Inspiration for this network is drawn from the book [Neural Networks from Scratch (NNFS)](https://nnfs.io/) & [Pytorch's implementation](https://pytorch.org/)

Notes:
- The work on experimenting with backpropagation has been moved to another notebook to keep this one minimal
- I have chosen to use a similar naming convention to that used by pytorch (why reinvent the wheel), this has the benefit of ensuring that when we compare implementations the architecture of the networks is the same. 

In [1]:
# Import for dev and testing
import nnfs 
import numpy as np

import matplotlib.pyplot as plt

from abc import ABC, abstractmethod
from nnfs.datasets import spiral_data

nnfs.init()

## Defining Base Module

This is a module that contains all the base attributes and function needed by every class in the framework

In [2]:
class Module(ABC):
    """Base class for all classes in frame work to ensure the same attributes and common function names."""
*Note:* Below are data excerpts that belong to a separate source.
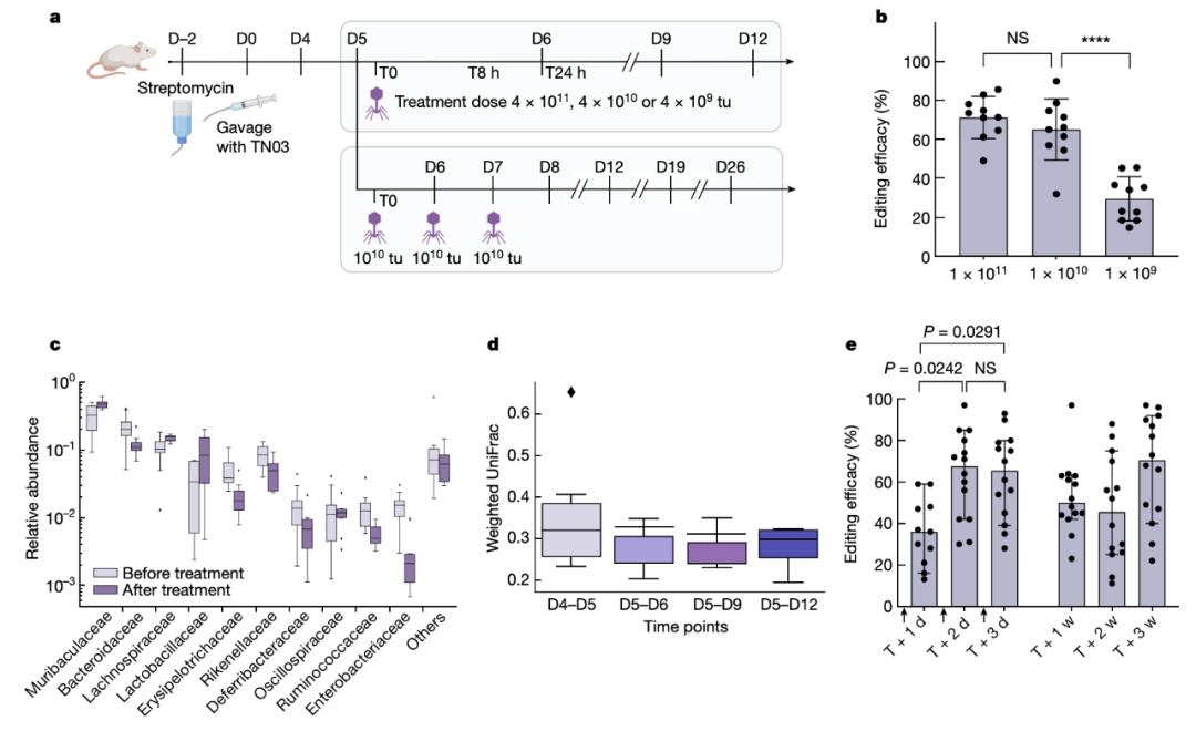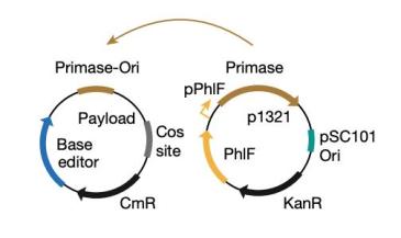 此前向小鼠肠道中大肠杆菌进行DNA递送的研究,要么依赖于M13噬菌粒,要么依赖于基因修饰的λ噬菌体。M13噬菌粒以F菌毛作为受体,这限制了其范围,并且M13在通过小鼠胃肠道时不稳定。而λ噬菌体,在感染大肠杆菌时,λ要么进入裂解周期并产生更多的病毒颗粒,要么进入溶原化并整合到染色体中(从而能够维持递送的诸如I型 CRISPR–Cas系统或dCas9等转基因)。最近还有研究在λ噬菌体基因组中引入了碱基编辑器,尽管其能够在肠道环境中繁殖,但λ噬菌体无法使整个目标群体溶原化。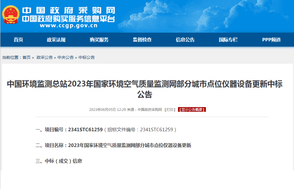 2023年6月5日,中國環境監測總站2023年國家環境空氣質量監測網部分城市點位儀器設備更新項目發布中標公告,先河環保成功中標第3包和第4包,金額2100萬元。公司將全力以赴認真履約,為我國生態環境監測網建設和深入打好藍天保衛戰提供技術和服務支撐。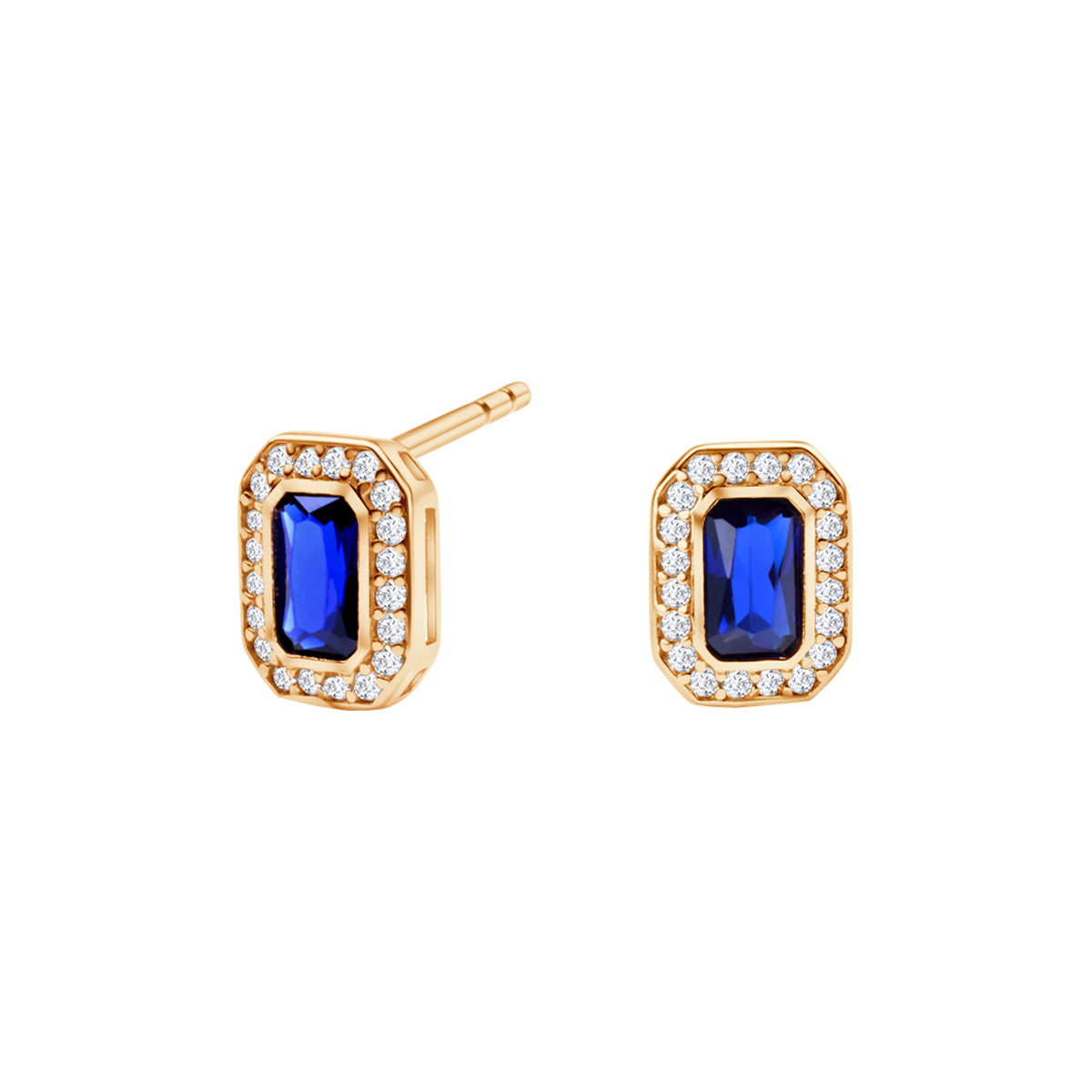 Kolczyki wykonane ze złota próby 333, ozdobione centralnie, prostokątną cyrkonią w kolorze ciemnoszafirowym. Kamień główny otoczony jest lśniącymi cyrkoniami kryształowymi. To ponadczasowa elegancja zamknięta w klasycznym wzorze. Idealne kolczyki na co dzień i na specjalne okazje.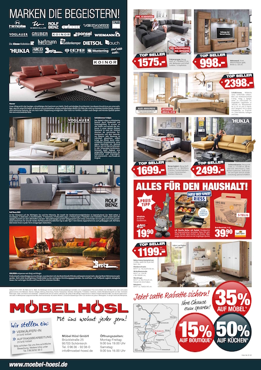 Spätestens jetzt sollten die Sparfüchse aber ihre Ohren spitzen. Auf Neubestellungen gibt es bei Möbel Hösl 35 Prozent Nachlass, bei Küchen sogar 50 Prozent und bei Boutique-Artikel spart man sich noch ordentliche 15 Prozent. Und die Schönkircher Möbelexperten legen sogar noch eins drauf: Alle Neubestellungen am Kirchweihsonntag werden zum Nulltarif nach Hause geliefert und montiert.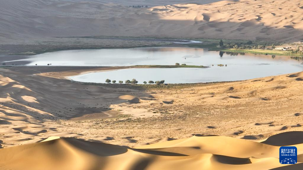 2024年7月30日拍攝的巴丹吉林沙漠中的音德日圖湖(無人機照片)。新華社記者 貝赫 攝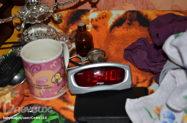 На часах 13:10, а у нас дети нечесаные, в памперсах, валяются сами по себе, негуленные. А еще на фото видно, как лишний хлам сбежался на комод, тут и чашка моя с сеточкой, и бутылочка персиково масла, расческа лизина, так и осталась без применения, погрызанное яблочко, и одежка, и хард с мультиками. Как же оно все быстро захламляется. А во что кухня превратилась!!! Хе-хе, фото не будет, это интим.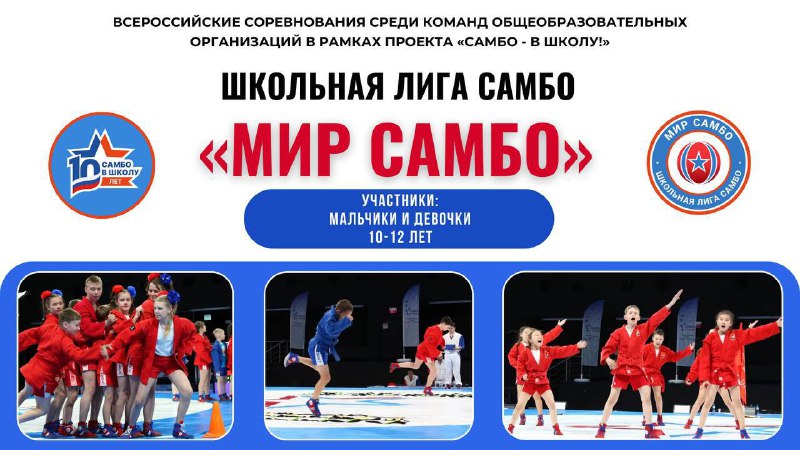 ШКОЛЬНАЯ ЛИГА САМБО «МИР САМБО» 🌟 Соревнования проводятся среди команд общеобразовательных организаций. Возраст участников: 10-12 лет ЭТАПЫ: ▪️ Школьный - до 1 февраля 2026; ▪️ Муниципальный - д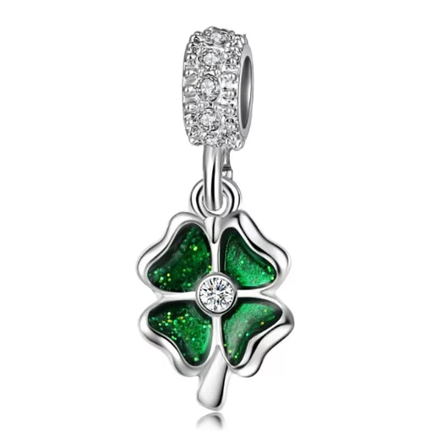 Hermoso Charm con forma de trébol de la suerte de cuatro hojas verdes, fabricado en aleación bañado en plata de excelente calidad y terminaciones, incluimos de regalo elegante cajita de terciopelo totalmente gratis con su compra.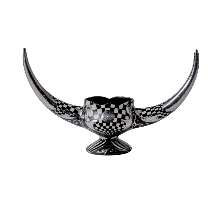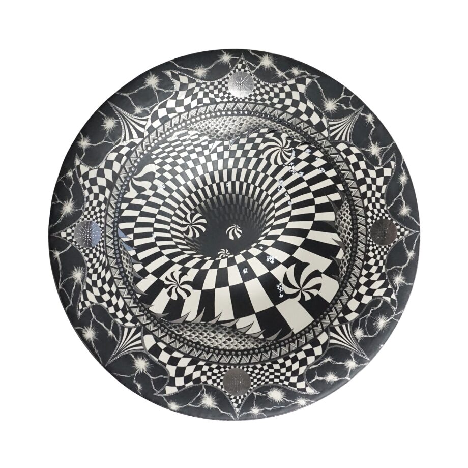 九谷焼の磁器土と伝統的な盛り絵具をベースに、結晶釉やカラフルな顔料、プラチナ彩などで加飾して陶作品を制作している。自由に遊ぶ気分や、不安定に揺らぐ気持ちを、粘土と絵付けに込めて、POPの中にあるダークネスや、日常と非日常が織りなすパラレルワールドを表現する。「作品を通して、誰もが通過してきた大人になる前の少し不思議な想像の世界で一緒に遊んでいただけたら嬉しい」と作家は語る。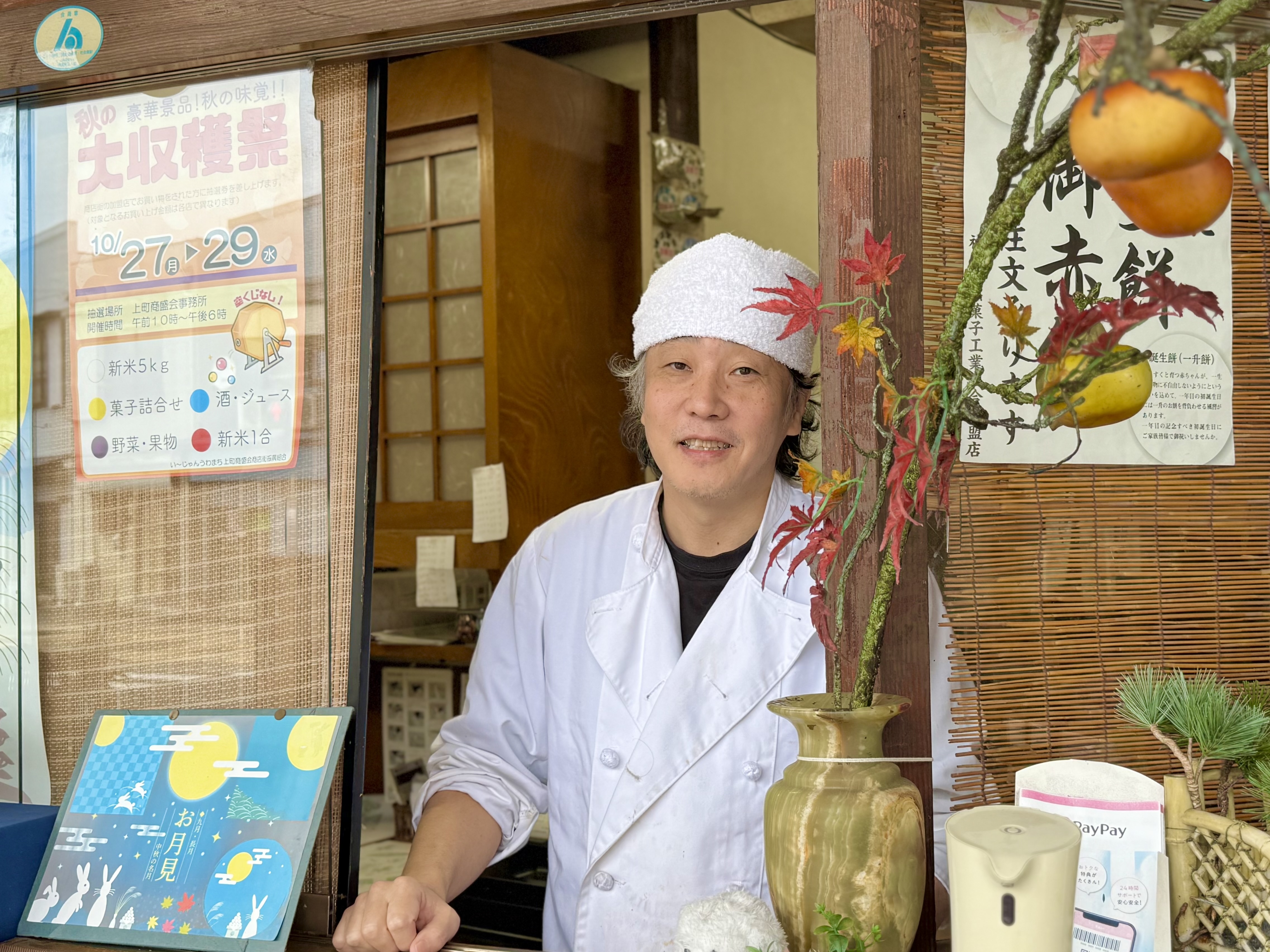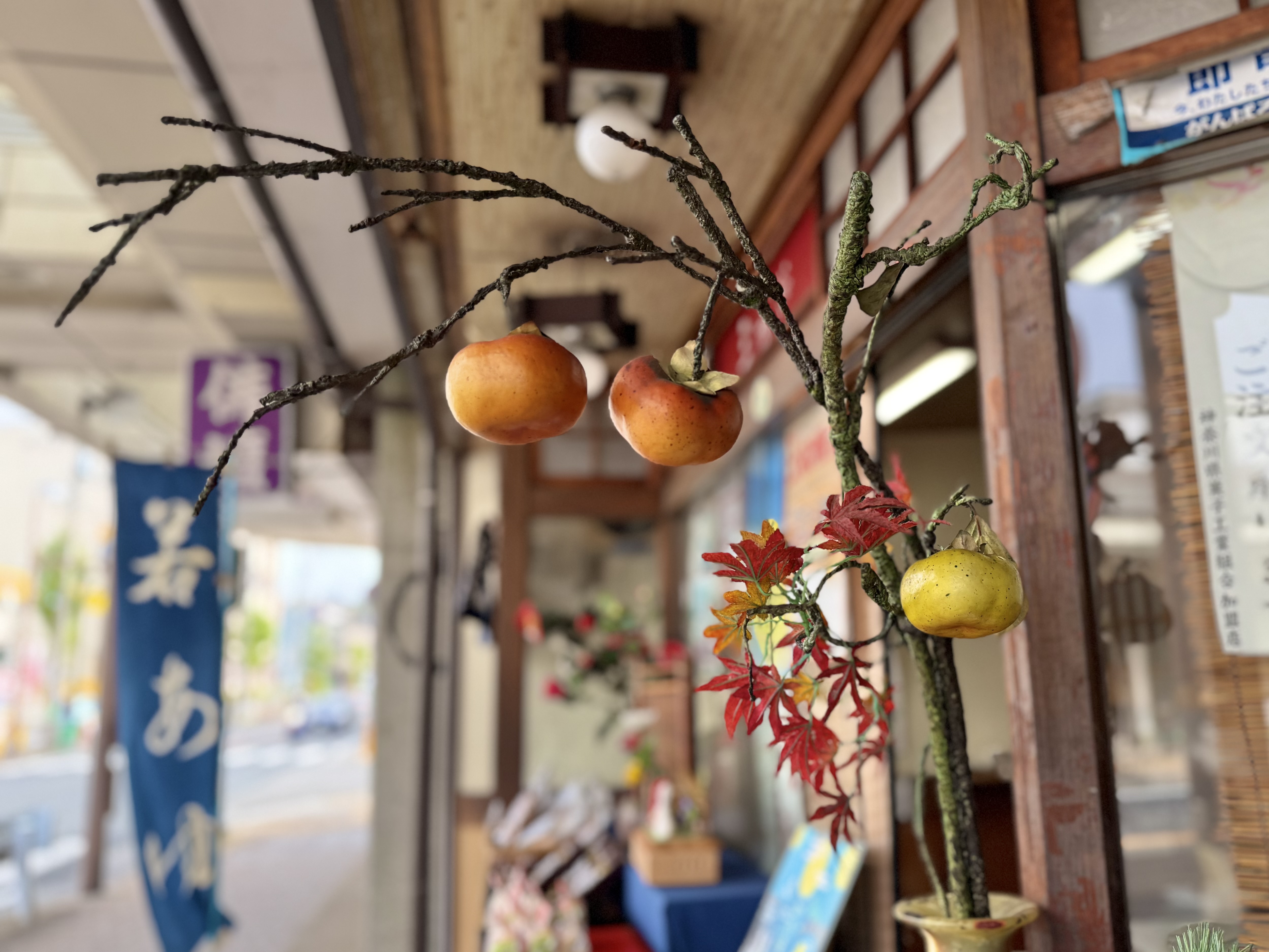 秋には柿やすすき、冬には小さな干支飾りなど、店頭の小さなスペースには、季節ごとの飾りが並びます。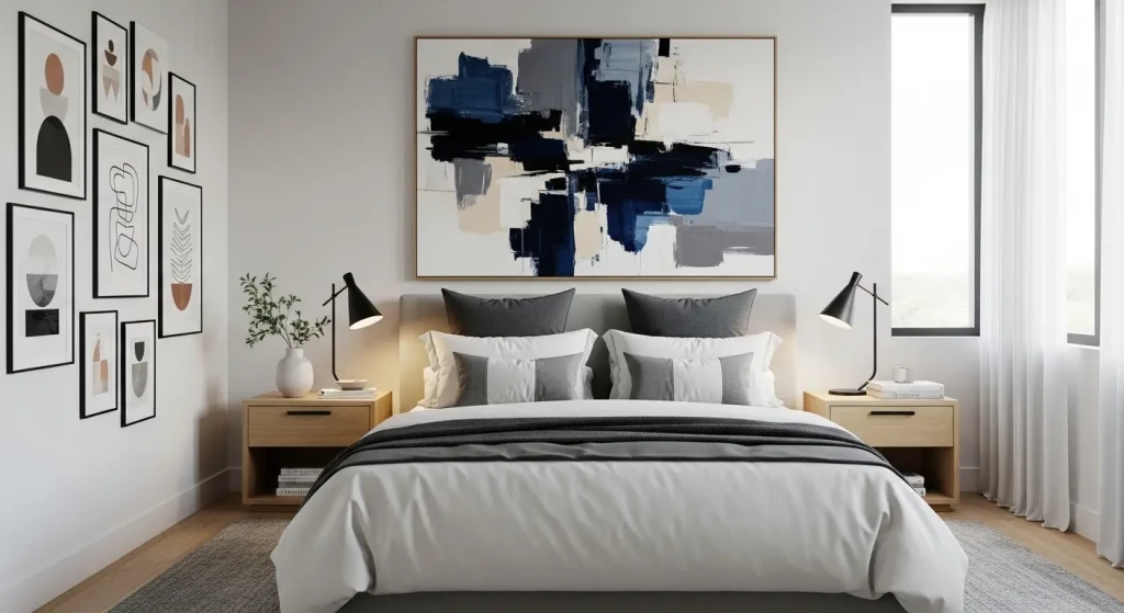 Another powerful bedroom decoration idea is wall art.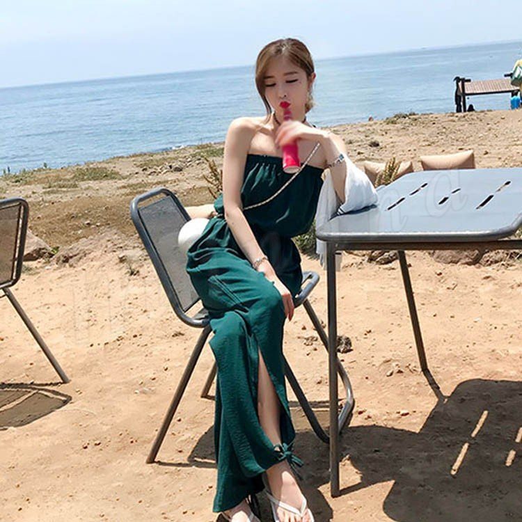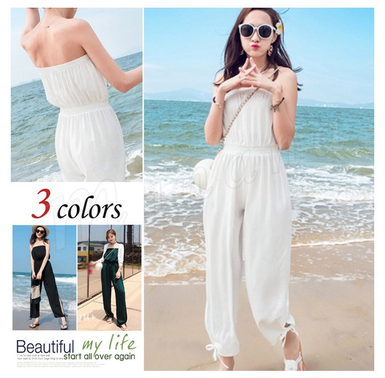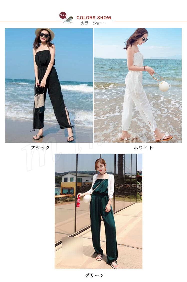 オールインワン レディース ベアトップ 無地 パンツドレス 袖なし 大人っぽい 着痩せ ハイウエスト 結婚式 ワイドパンツ 二次会 夏 通勤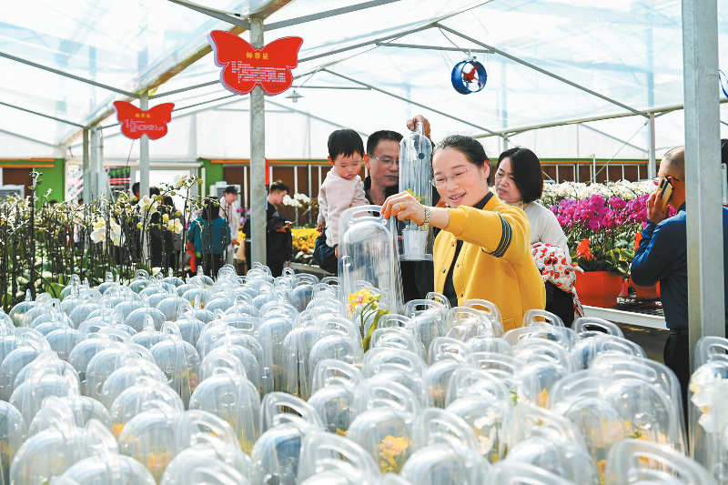 此次文化旅游节展出100多个品种的蝴蝶兰,色彩斑斓,丰富多样,满足广大市民游客观赏和选购的需求。“这次旅游节给我带来许多惊喜。除了常规的展览和表演,还有许多创意互动环节,增加了趣味性,这样的活动无疑是一个促进地区经济发展的良好平台,它不仅展示了当地的文化特色和魅力,也为当地的发展带来新机遇和动力,让我留下了深刻印象和美好回忆。”正悉心挑选心仪蝴蝶兰的张先生说道。
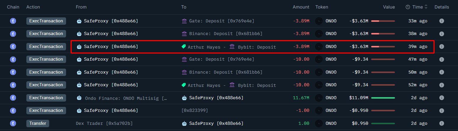 On-chain data showed massive movement of ONDO tokens into crypto exchanges, with Arthur Hayes at the center of accumulation again.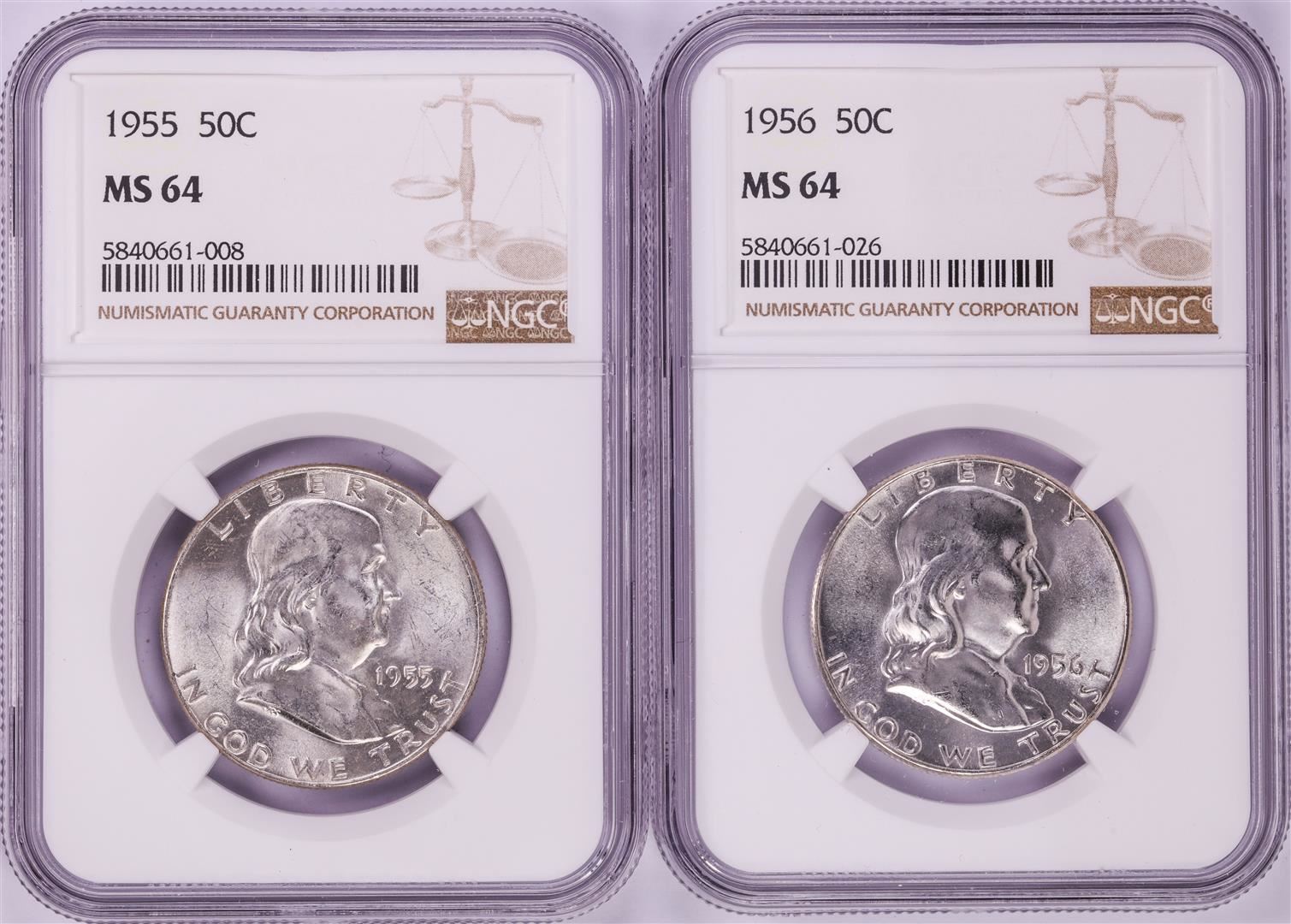 One Lot of 1955-1956 Franklin Half Dollar Coins NGC MS64. NGC Certified.

    def __init__(self) -> None:
        # Attributes to hold input and outputs
        self.input = None
        self.output = None
    
    @abstractmethod
    def forward(self):
        pass

    @abstractmethod
    def backward(self):
        pass

##  Defining layers 

In this section We define and test the layers

Notes:
- since we intend to use ReLU as one of our activation functions we will use the He weight initialization method as described in https://arxiv.org/abs/1502.01852

### Linear Layer

In [3]:
class LinearLayer(Module):
    """Linear transformation layer of the type o = ixW + b,
    
    where I is the incoming vector, W is the layers weight matrix, b is bias vector and o is the dot product of the 
    i and W plus the bias
    
    Args:
        in_features (int): the size of the input features 
        out_features (int): the size of the output features
        
    Attributes:
        weights (np_array) numpy array of in_features x n_neurons
        biases  (np_array) numpy array of 1 x n_neurons
        inputs  (np_array) numpy array of latest batch of inputs
        inputs  (np_array) numpy array of latest batch of outputs
        d_w     (np_array) The current gradients with respect to the weights 
        d_x     (np_array) The current gradients with respect to the inputs
        d_b     (np_array) The current gradients with respect to the biases
    """

    def __init__(self, in_features, out_features) -> None:
        super().__init__()
        # initializing weights and biases 
        #self.weights = np.random.normal(0.0, np.sqrt(2/in_features), (in_features, out_features))
        # Using a simpler initialization  for testing 
        self.weights = 0.01 * np.random.randn(in_features, out_features)
        self.bias = np.zeros((1, out_features))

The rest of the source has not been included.